Sementara itu, menurut Monique, ada dua cara yang bisa dilakukan oleh masyarakat untuk membantu menumbuhkan minat regenerasi pada perajin batik agar generasi mudanya punya keinginan untuk meneruskan. Disampaikan Monique, para generasi yang lebih tua yang memiliki buying power, punya peranan besar untuk mengadopsi wastra nusantara seperti batik dengan lebih bijak dalam kehidupan sehari-hari.
“Kita yang sebagai generasi yang lebih tua bertanggung jawab untuk memberikan contoh (kepada anak-anaknya), sehingga anak-anak yang melihat ibu atau nenek mereka senang memakai kain (batik) akan terbiasa dengan itu,” cerita Monique. Menurutnya, hal ini akan membuat ekonomi bergerak sehingga industri terus memproduksi batik.
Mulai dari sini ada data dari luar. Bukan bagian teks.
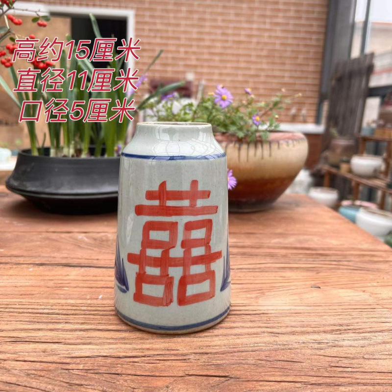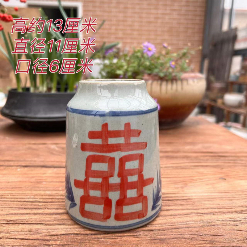 Jingdezhen 세라믹 냄비 꽃병 장식품 빈티지 손으로 그린 파란색과 흰색 빨간색 행복한 캐릭터 꽃 도자기 일본 선 식물 화분스토어 가기

“Mereka (pembatik) akan menghasilkan karya-karya terus. Makanya itu menjadi lebih sustain dari sisi bagaimana pembatik artisan di sana bisa lebih meng-encourage generasi di bawahnya, untuk yuk loh ini tuh orang semakin apresiatif karya-karya batik,” tambahnya lagi.
Bukan hanya dorongan dari generasi tua untuk membantu menggerakkan ekonomi, menurut Monique juga penting bagi generasi muda memengaruhi sesamanya. Menurutnya, apabila anak muda mengapresiasi karya batik yang diproduksi oleh pembatik daerah, juga bisa turut menggerakkan pembatik generasi muda untuk meneruskan apa yang telah dilakukan orang tuanya. Hal ini dikarenakan para pembatik muda melihat apresiasi dari anak-anak muda seumurannya.
“Sekarang tuh semua harus dua arah. Satu generasi jadi role model-nya, dan ada generasi yang dari anak-anak muda itu sendiri. Semua harus berjalan bersama-sama, tidak bisa sendiri. Enggak bisa memulai kalau tidak di-trigger dari semua sisi,” tutup Monique.